Other scientists have tried to reproduce déjà vu in virtual reality. One study found that participants experienced déjà vu when immersed in the virtual reality of a Sims game, with one scene specially crafted to be spatially mapped to another.

Our brains recognize the similarities between our current experiences and the experiences we have had in the past.

Such experiments led scientists to assume that déjà vu is a memory phenomenon. We are faced with a situation that is similar to an existing memory that we cannot reproduce in detail. In this way, our brain recognizes the similarities between our current experience and the experience we have had in the past. We still have the feeling that this has already happened, but we cannot say for sure when and where.

In addition to the general version, there are many other theories trying to explain why our memories can give such glitches. Some say that it is like a short circuit in the brain, due to which new incoming information goes directly to long-term memory, bypassing short-term memory.Others sin on the rhinal cortex, an area of ​​the brain that signals that something seems familiar, as if it somehow works without the backing of memories.
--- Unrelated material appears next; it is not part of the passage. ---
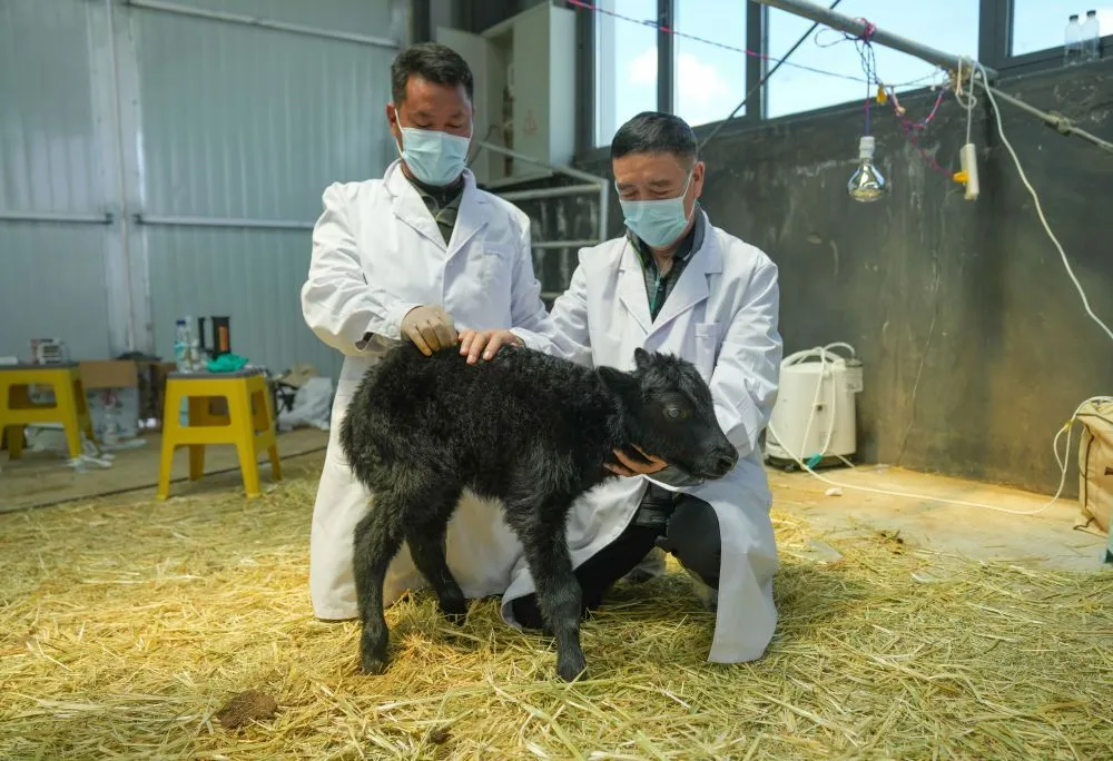 牛犢體重16.75公斤,個頭比普通新生牛犢更大,全身通黑,已經能夠正常行走並進食母乳,身體狀況良好。這是世界上第一頭融合全基因組選擇和體細胞克隆技術的犛牛。

Another theory suggests that déjà vu is associated with false memories - those that feel like they are real but are not. This form of déjà vu is similar to the sensation of not feeling the difference between what actually happened and the dream. However, researchers began to abandon this idea.
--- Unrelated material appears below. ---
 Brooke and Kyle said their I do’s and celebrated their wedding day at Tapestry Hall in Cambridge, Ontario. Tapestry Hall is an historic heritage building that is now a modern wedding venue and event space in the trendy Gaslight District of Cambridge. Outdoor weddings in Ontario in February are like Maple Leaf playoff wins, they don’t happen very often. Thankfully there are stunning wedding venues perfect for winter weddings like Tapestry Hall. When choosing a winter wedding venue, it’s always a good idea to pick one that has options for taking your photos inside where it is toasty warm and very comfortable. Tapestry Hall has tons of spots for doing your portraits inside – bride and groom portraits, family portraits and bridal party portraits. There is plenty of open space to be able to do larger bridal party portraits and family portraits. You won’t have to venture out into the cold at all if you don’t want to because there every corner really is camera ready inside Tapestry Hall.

One study used functional magnetic resonance imaging (fMRI) to scan the brains of 21 patients when they experienced some kind of déjà vu that was replicated in a laboratory setting.

Notably, areas of the brain involved in memory activity, such as the hippocampus, were not involved, as if sensations were associated with false memories. In contrast, the researchers found that active areas of the brain were involved in decision making. They explain this result by the fact that déjà vu can be a consequence of our brain conducting a kind of conflict resolution. In other words, our brain checks our memories like a filing cabinet, looking for any conflict between what we think we have experienced and what actually happened to us.

Deja vu may be associated with the temporal lobe

The extreme manifestation of deja vu is a consequence of temporal lobe epilepsy, a chronic disease of the nervous system that manifests itself in the form of unprovoked seizures in the temporal lobe of the brain. They often take the form of focal seizures. The person does not experience an altered state of consciousness, but experiences abnormal sensations such as déjà vu. Some scholars believe that any experience of déjà vu is at least a minor version of this disorder.

Most likely this is not a gift of foresight

Sometimes déjà vu is seen as an opportunity to glimpse the future out of the corner of the eye, which definitely adds to the creepiness of this phenomenon. Some people who experience déjà vu report that not only have they experienced this moment, they can predict what will happen next.

People who have a certain premonition may not be more accurate at predicting the outcome than just pointing a finger at the sky.

Science does not support this. Researchers tested this and found that people with a certain feeling of foreboding may not be more accurate at predicting results than just pointing a finger at the sky.

Should you worry about déjà vu?

Should you worry about déjà vu? Until your experience with déjà vu is associated with any form of epilepsy, researchers see no reason to suspect any negative consequences. In addition, some scholars believe that déjà vu can actually be beneficial. If this is in fact the result of our brains analyzing memories and reorganizing anything that is incorrectly registered, then we can regard this eerie sensation as a sign that our memory is in good working order. This idea correlates with the fact that déjà vu is found primarily among young people between the ages of 15 and 25.

Whether it is good or bad for déjà vu, we should acknowledge that the phenomenon is fleeting. In the UK, scientists are studying a young man 20 years old with a diagnosis that has been identified as "chronic déjà vu". The patient regularly experiences the feeling that he is living life again (often for several minutes at a time) - a traumatic experience that he compares to the trap of Donnie Darko in the film of the same name. This is tough!